Pero era como el viento, no solía quedar a comer con los de la oficina ni hacía ningún after work. Ella iba a lo suyo y nadie parecía conocerla mucho, a pesar de que llevaba dos años en la empresa. Entonces me dije que debía cambiar la estrategia. Parecía que Lucía, que así se llama, solo tenía una amiga: eran como la cara y la cruz. Isabel es muy dicharachera, abierta y de trato fácil: y no se pierde ni un after work. Así que me acerqué a Isabel… para intentar acercarme a Lucía.

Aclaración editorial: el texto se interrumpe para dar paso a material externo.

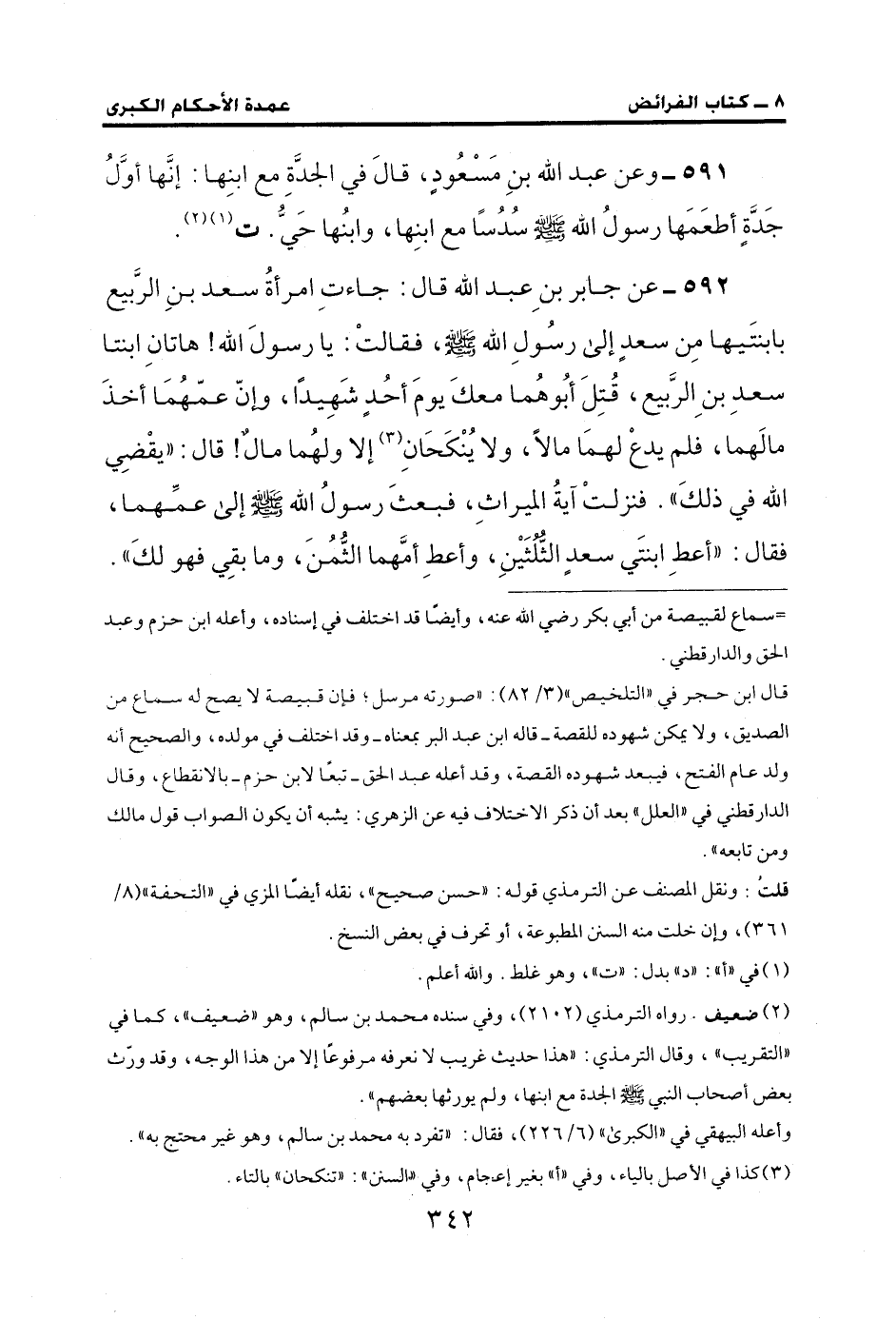 592 - عن جابر بنِ عبد الله قال: جاءتِ امرأةُ سعد بنِ الرَّبيع بابنتَيها مِن سعدٍ إلى رسُولِ الله - صلى الله عليه وسلم -، فقالتْ: يا رسولَ الله! هاتانِ ابنتا سعدِ بنِ الرَّبيع، قُتِلَ أبُوهُما معكَ يومَ أحُدٍ شَهِيدًا، وإنّ عمّهُمَا أخذَ مالَهما، فلم يدعْ لهمَا مالًا، ولا يُنْكَحَانِ (¬3) إلا ولهُما مالٌ! قال: "يقْضِي الله في ذلكَ". فنزلتْ آيةُ الميراثِ، فبعثَ رسولُ الله - صلى الله عليه وسلم - إلى عمِّهما، فقال: "أعطِ ابنتَي سعدٍ الثُّلثَيْنِ، وأعطِ أمَّهما الثُمُنَ، وما بقِي فهو لكَ".
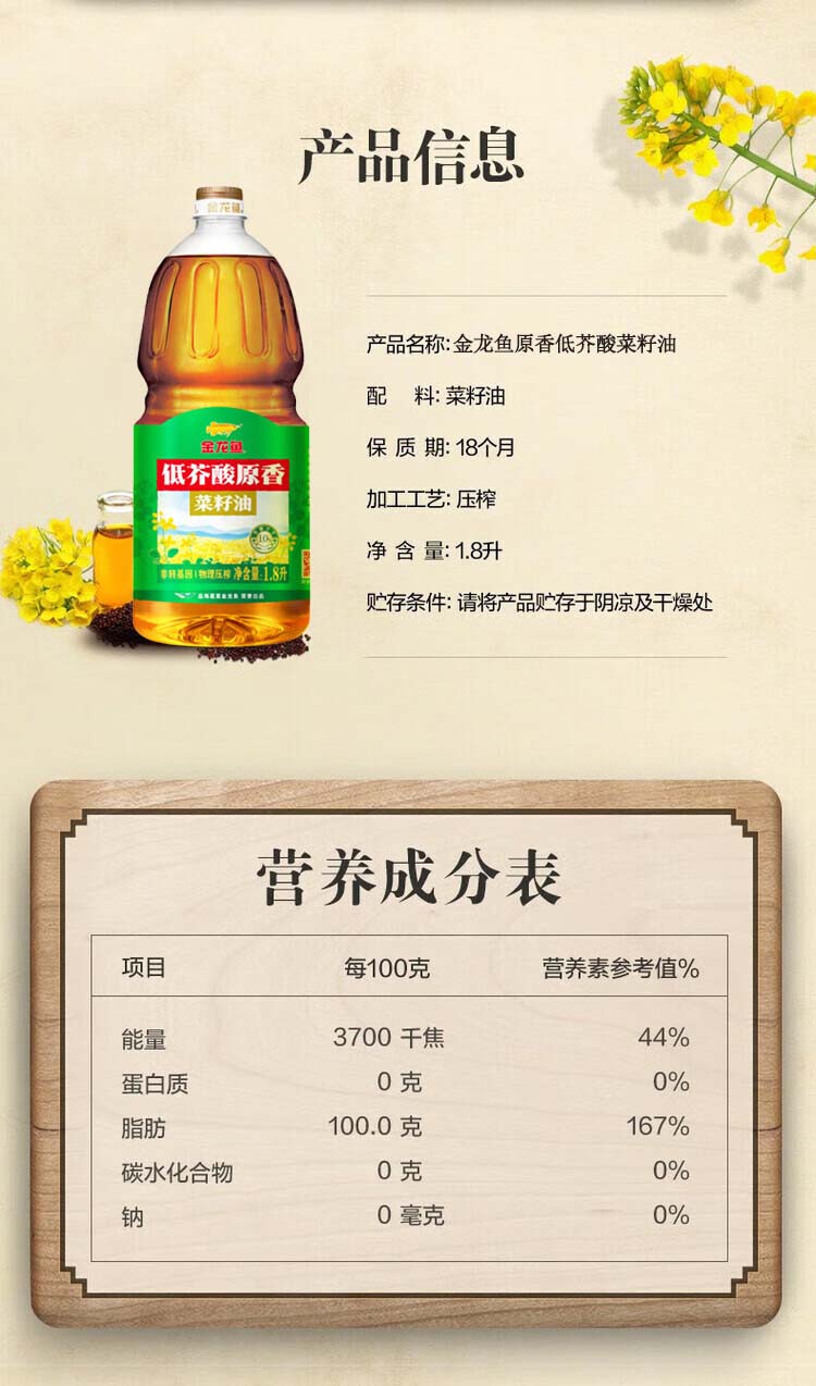 金龙鱼|低芥酸原香菜籽油1.8L
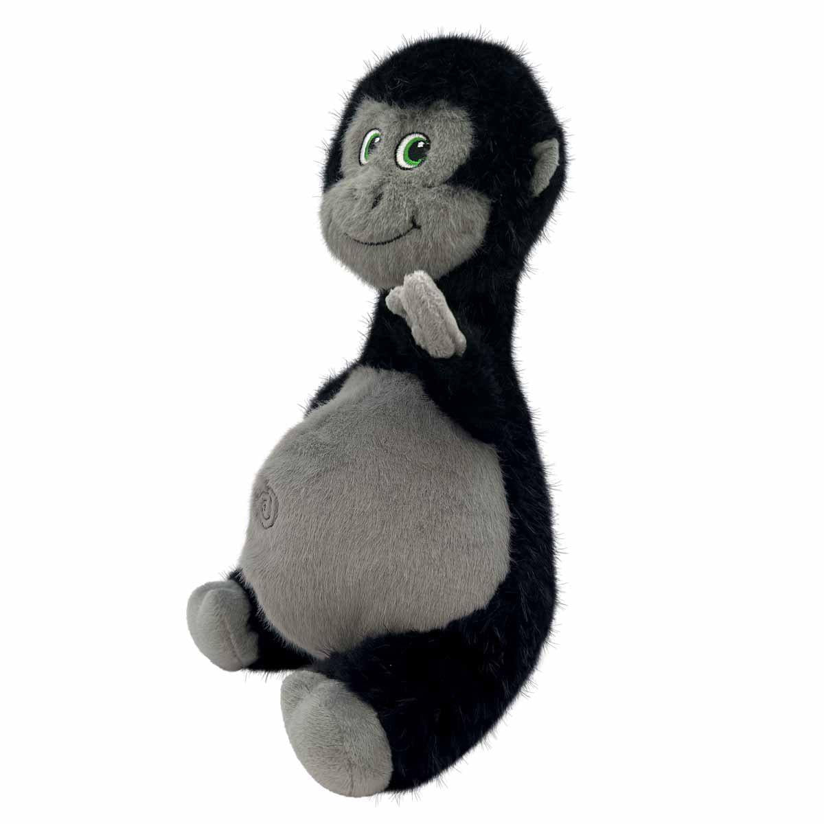 En pipelyd i gorillens hoved vækker nysgerrighed og øger engagementet under legen. KONG Knots Belly Gorilla er også velegnet til hunde, der kan lide at bære deres legetøj rundt, og den fungerer lige så godt til rolige tupplurer som til aktive lege.
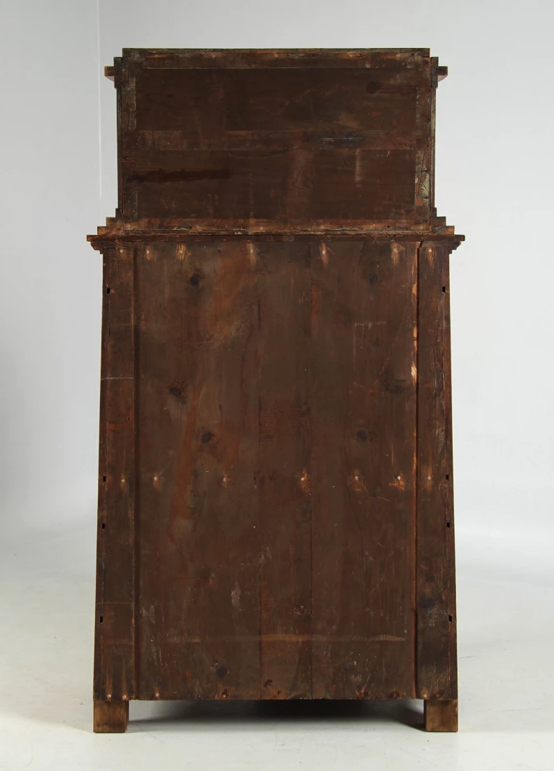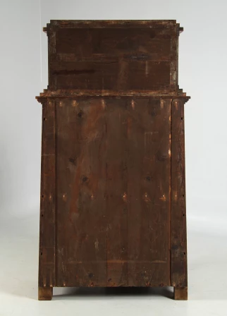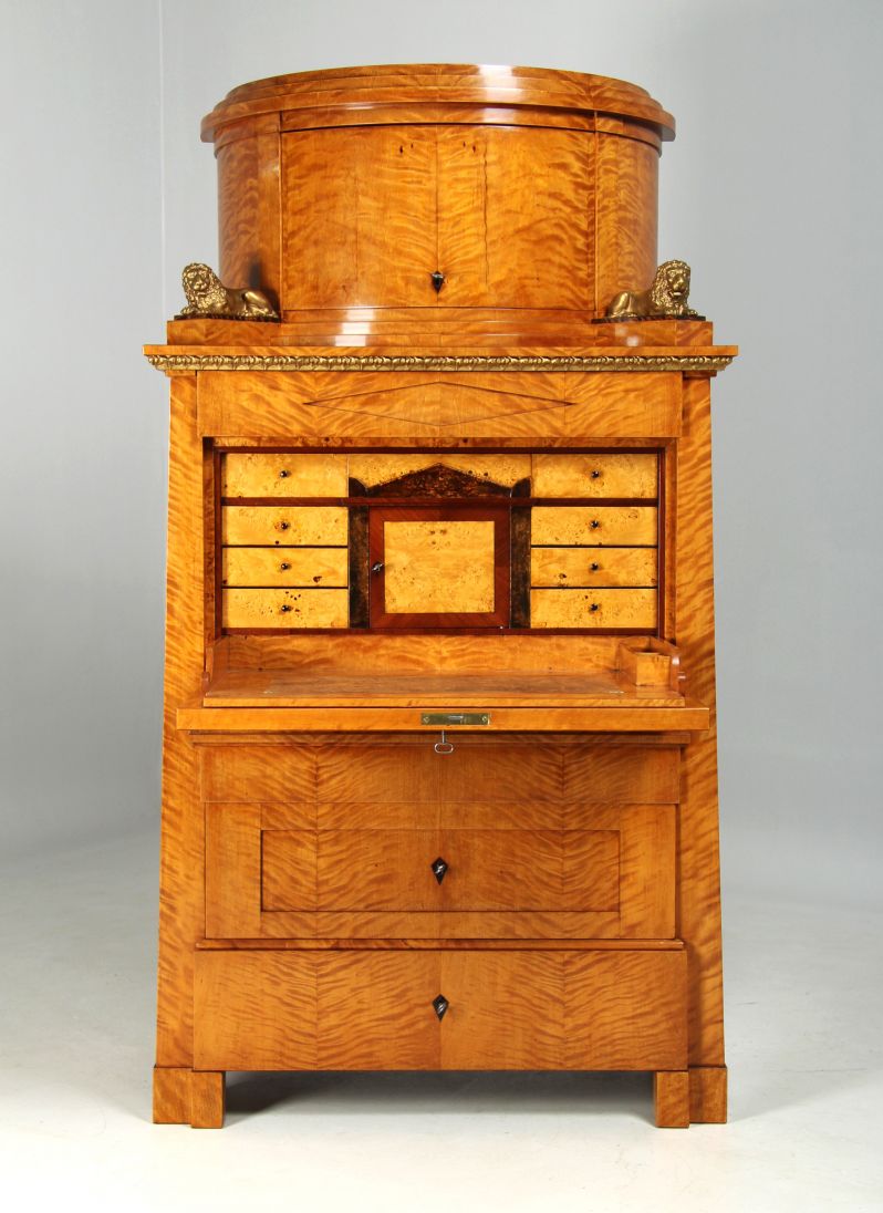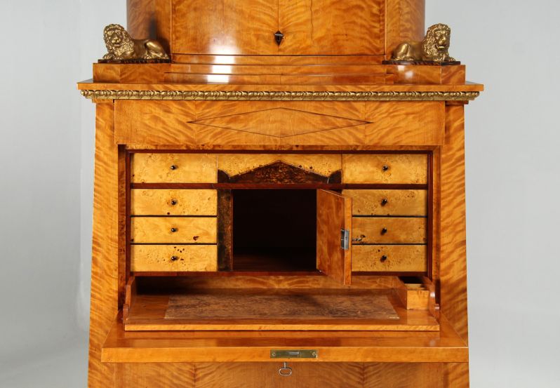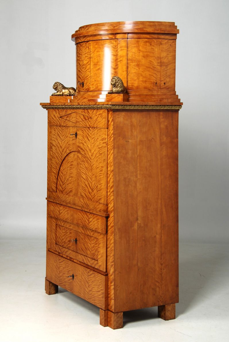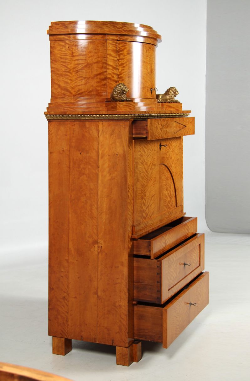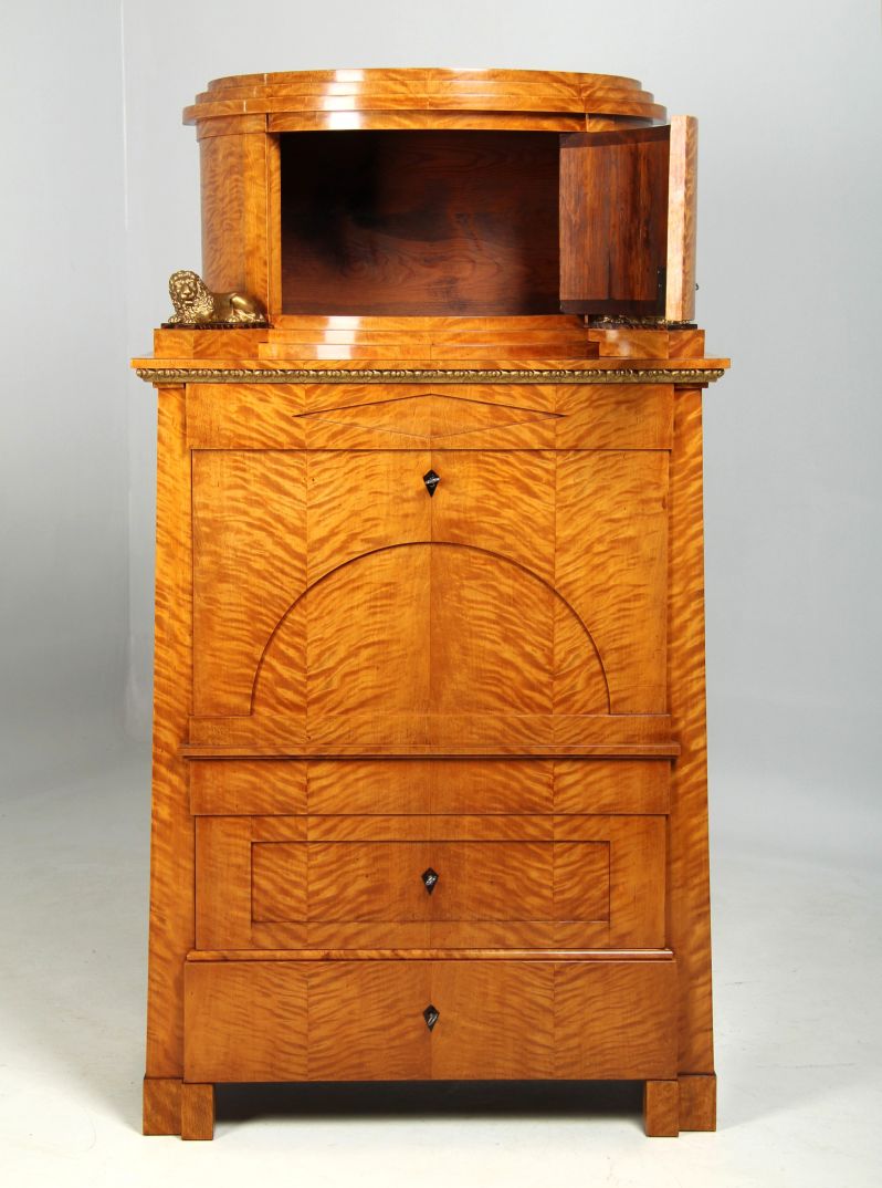 The two-part structure is divided into a substructure with four drawers and a writing flap and a crescent-shaped, single-door top hat box with two bronze lions. These are located to the left and right of a semi-circular staircase, which in turn is complemented by the stepped cornice at the very top.

Un mes más tarde, Isabel me dijo que organizaba una fiesta en su casa: me invitó. En todo momento creí que Lucía iba a acudir, pero cuando llegamos allí, nada: no estaba por ningún lado. Isabel me cogió por banda en un momento y empezó a hablarme de su gran afición: el interiorismo. Me hizo un recorrido por su casa, me habló del sofá de segunda mano, de la lámpara comprada en Casablanca, de la mecedora de la abuela, de los paneles japoneses baratos… Tengo que admitir que tras una rato en su casa (y después de un par de gintonics) olvidé que la razón por la yo estaba allí era Lucía.
Con el paso del tiempo, mi relación con Isabel se fue estrechando y, por fin, llegó el día. No sé de qué manera acabamos los tres en casa de Isabel. Era el momento para empezar a conocer a Lucía. Supe lo más importante: no tenía novio. Pero, por otro lado, no parecía mostrar mucho interés por nada de nuestra conversación, ni siquiera por los paneles japoneses baratos de su amiga: “mirad, son nuevos, los he vuelto a cambiar”. Nada. ¿Y qué pasó al final? Que una cosa llevó a la otra, Lucía se fue y me quedé solo con Isabel… La vida es así.